▶ [YOUR INSTRUCTIONS]:
Say how many lines in the records hold "النكبة". Nothing but the number should be given.
Top of GIVEN RECORDS
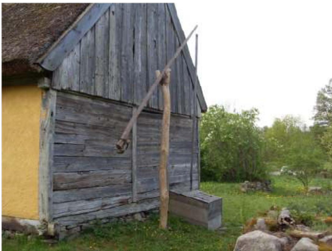
Per-Ols västra gavel innan inklädningen.
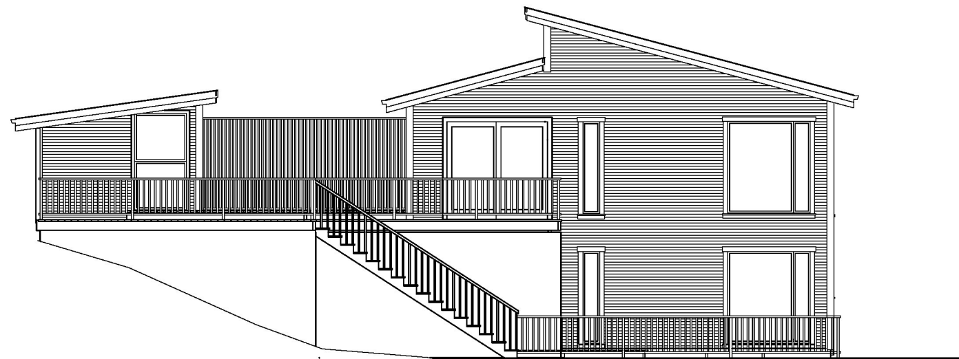
Fasade mot Sør / Øst
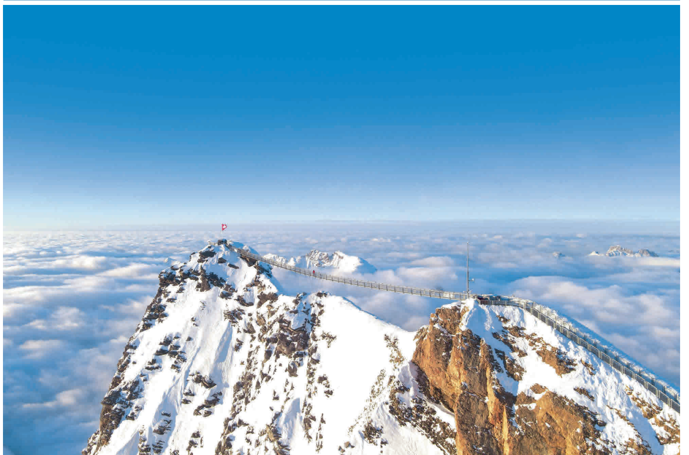
Glacier 3000, Puente Peak Walk de Tissot.

En tanto, la subida al Stanserhorn comienza a bordo de un funicular abierto, tambaleándose como hace 120 años, y luego continúa en el techo del moderno CabriO. El pequeño tren con vagones de madera que asciende desde Stans hacia el Stanserhorn circula desde el año 1893. En la estación intermedia, la nueva atracción es el teleférico con techo abierto. Volar por el aire desde la cima de esta doble cabina y ver pasar los postes es una sensación única. Al llegar, los guardabosques ayudan a los excursionistas a identificar las flores y los picos.
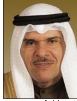
الشيخ سلمان الحمود

«فن الكاريكاتير» الذي يقام ضمن فعاليات الملتقى لهذا العام ويعرض من خلاله مجموعة من أبرز اللوحات الفنية لعدد من الرسامين العرب، وسيفتتح المعرض في تمام الساعة السادسة من مساء اليوم بقاعة الفنون الجميلة في ضاحية عبدالله السالم. وتستمر أعمال الملتقى الكويت الإعلامي للشباب لليوم الثاني غداً، وتبدأ الأعمال بالجلسة السابعة التي تقام تحت عنوان «أهمية خفيفة تعرض من خلالها عدد من التجارب الإعلامية والسير الذاتية لعدد من الوجوه الإعلامية العربية الشابة وكيف استطاعت أن تحقق ذاتها. هذا وسيتم افتتاح معرض
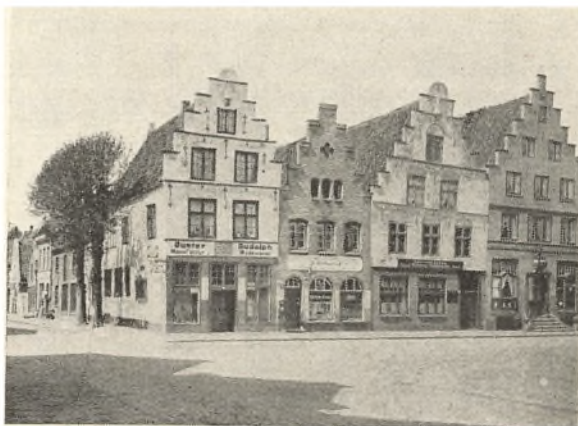
Torvet i Frederiksstad.

Vi tager så herfra til den smukke, gamle slægtsgård Hohnhof, som har været i slægten Ohems eje i 500 år, og derfra til Rendsborg.
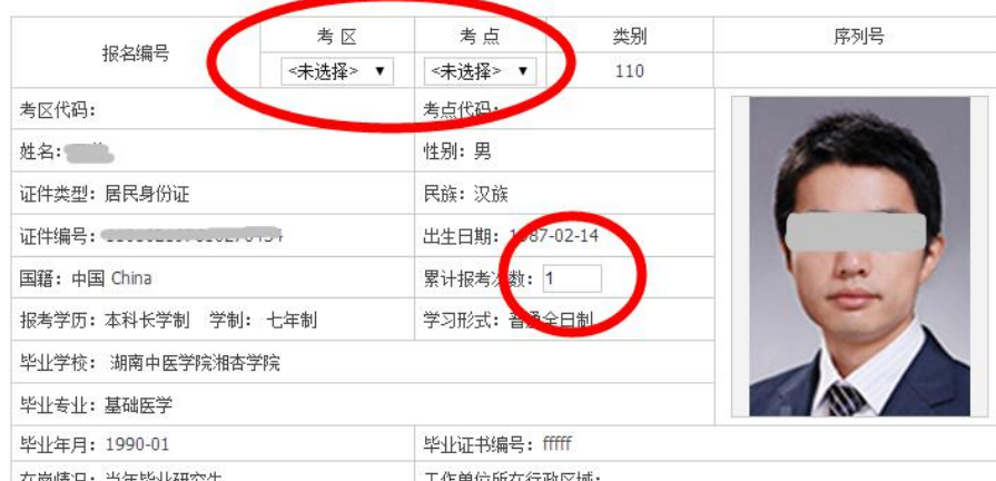
110 临床执业医师__(仅供测试) 考试报名暨授予医师资格申请表

最后需要用户再次检查本次报名信息并选择报考的考区和考点；同时，由于新的考试服务平台刚刚上线，需要往届考生补充填报累计报考次数一栏（首次报考考生可不予填写，默认次数为1）。完成后点击提交按钮即可结束报名，跳转回考试报名模块，选择打印申请表或其他操作。
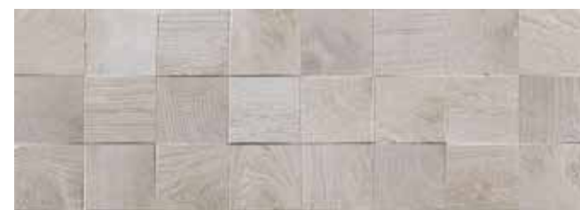
TACO OXFORD ACERO 31,6x90x1,25cm P3470661 / 100135552 G271 Butech recomienda junta / Butech recommends joint: Colorstuk Rapid n Cemento B22502004 / 100004297
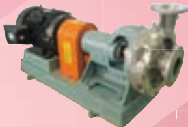
FX 型 Centrifugal pump
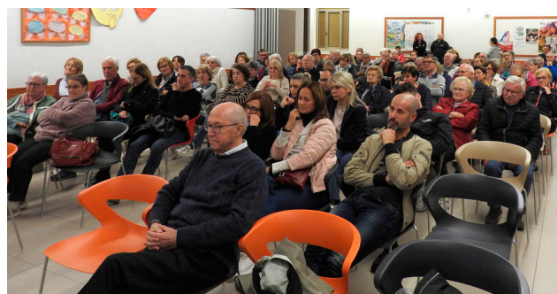
Panoramica della sala
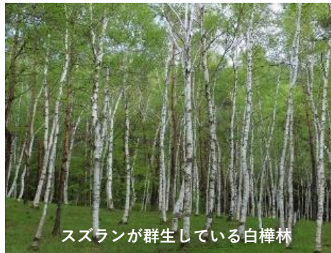
スズランが群生している白樺林
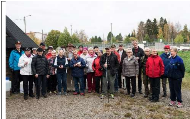
Liikuntabingo Konnarin kentällä ja lähimaastossa lokakuussa.

Hyvää on ollut se, että ulkoilua on ollut entistä enemmän. Ryhmäverryttelyt ja pienimuotoiset kenttäpelikisat ovat virkistäneet harmaata syksyä.
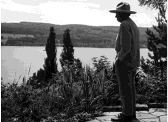
Otto Dix in Hemmenhofen: der Meister
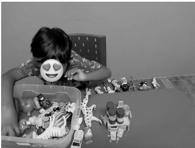
Imagem 2 – Fotografia de uma atividade lúdica realizada por uma criança, com o rosto coberto por um emoji de olhos em formato de coração, preservando sua identidade 7
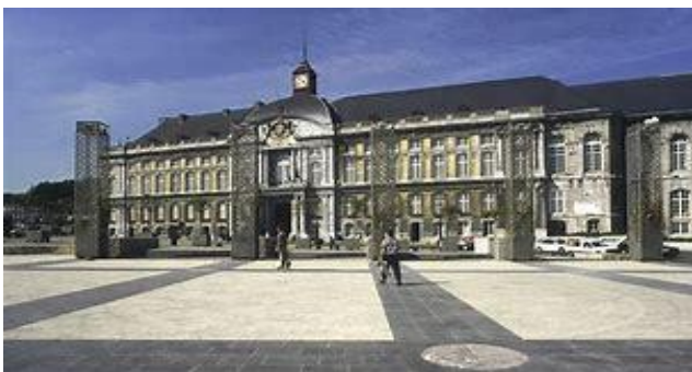
Palais des Princes-Evêques
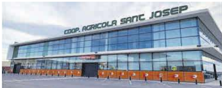
El Charter principal de la Cooperativa Agrícola està a la senda Mitjana.
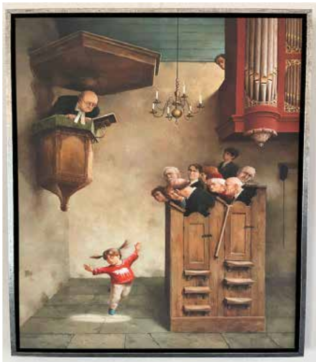
Dansje in de kerk

Marius van Dokkum ©2021 Art Revisited, Tolbert NL
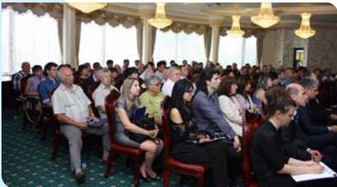
Срещата предизвика интерес от страна на бизнеса
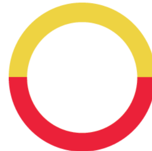
ENLACE GLOBAL PM S/INTERESES (Saldo inicial de $28.54)
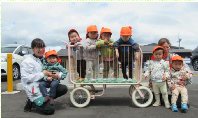
みかん②組(1歳児) こいのぼりと一緒に!
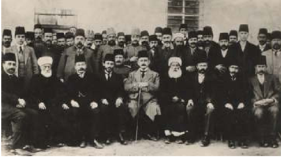
Maraş Kuvay-ı Milliyecilerinin toplu bir resmi
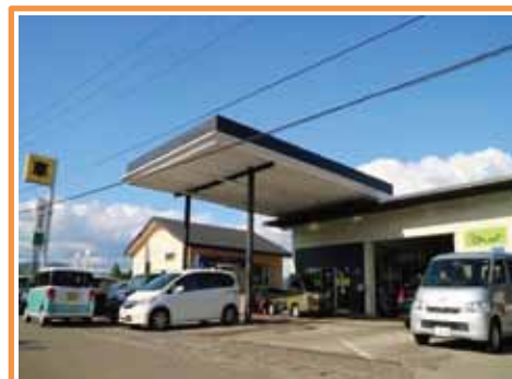
(株) オートリファイン ショウジ

〒869-1411 南阿蘇村河陰4496-2 TEL:0967-67-1338 FAX:0967-67-1885
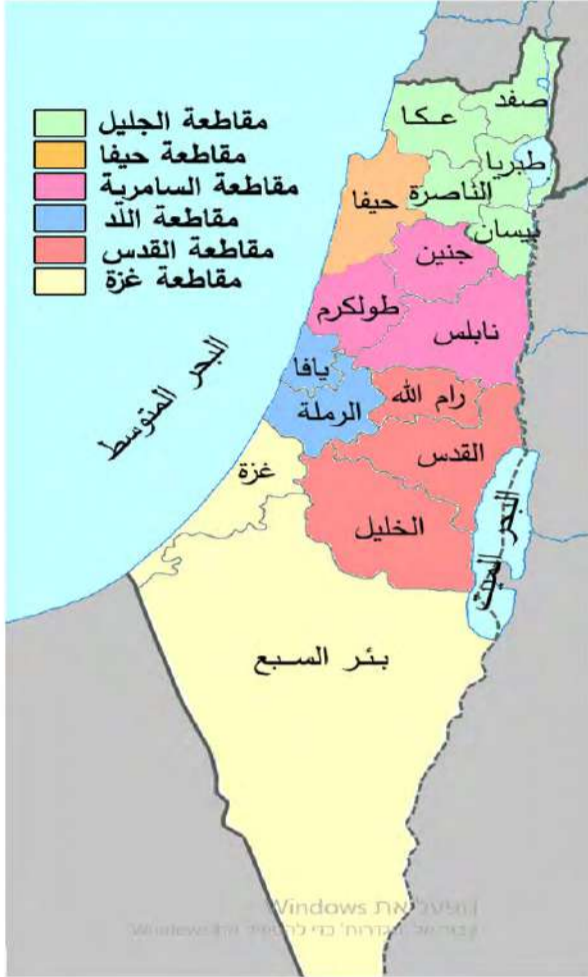
(أقضية فلسطين قبل النكبة)

كانت فلسطين حتى النكبة 1948 تُقسم إلى 16 قضاءً وهي كالتالي : يافا - نابلس - غزة - عكا - طولكرم - طبريا - صفا - رام الله - حيفا - جنين - بيسان - بئر السبع - الناصرة - القدس - الرملة - الخليل. لم يقتصر التزييف، بعد الاحتلال والتهجير التاريخي والجغرافي والديمقراطي على مجرد تغيير أسماء المدن والقرى وإنما على مستوى الأولوية والأفضية جميعها، علما أن الأسماء الأصلية والأصلية لا تختفي بسهولة، لكن التعويل الصهيوني على عامل الوقت وفي غياب التوعية والتوجيه المناسبين سيكون عاملاً أساسياً في إحداث نوع من الفراغ المعرفي على حقيقة المسميات والأسماء التي تثبت بحق لمن هذه البلاد، فإن سياسة "عبرنة" الأسماء طالت أكثر من 9000 مكان في فلسطين. كانت فلسطين مقسمة قبل النكبة الى 6 أولوية أو مقاطعات وفيها ال 16 قضاءً حسب الجدول التالي :
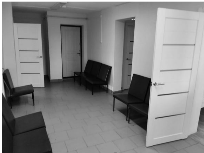
Дубский ФАП после капитального ремонта.
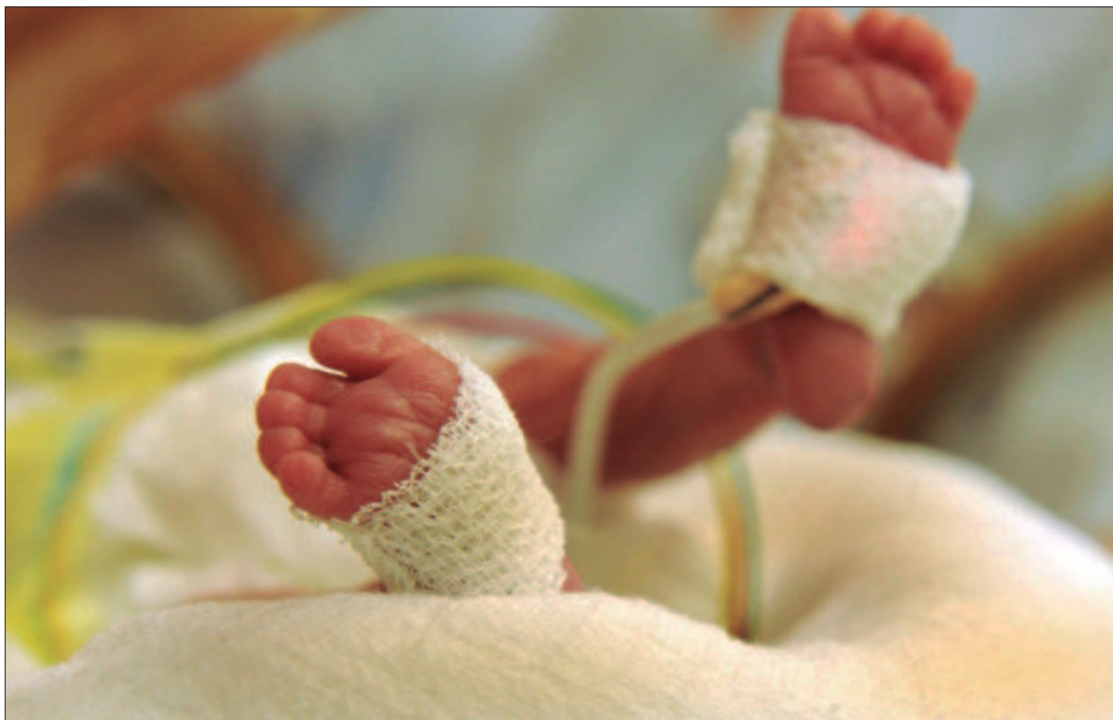
▲ “La calidad de vida de los bebés prematuros dependerá de la calidad de intervenciones que recibe después del nacimiento”.
Bottom of GIVEN RECORDS
▶ [WRITTEN REPLY]:
2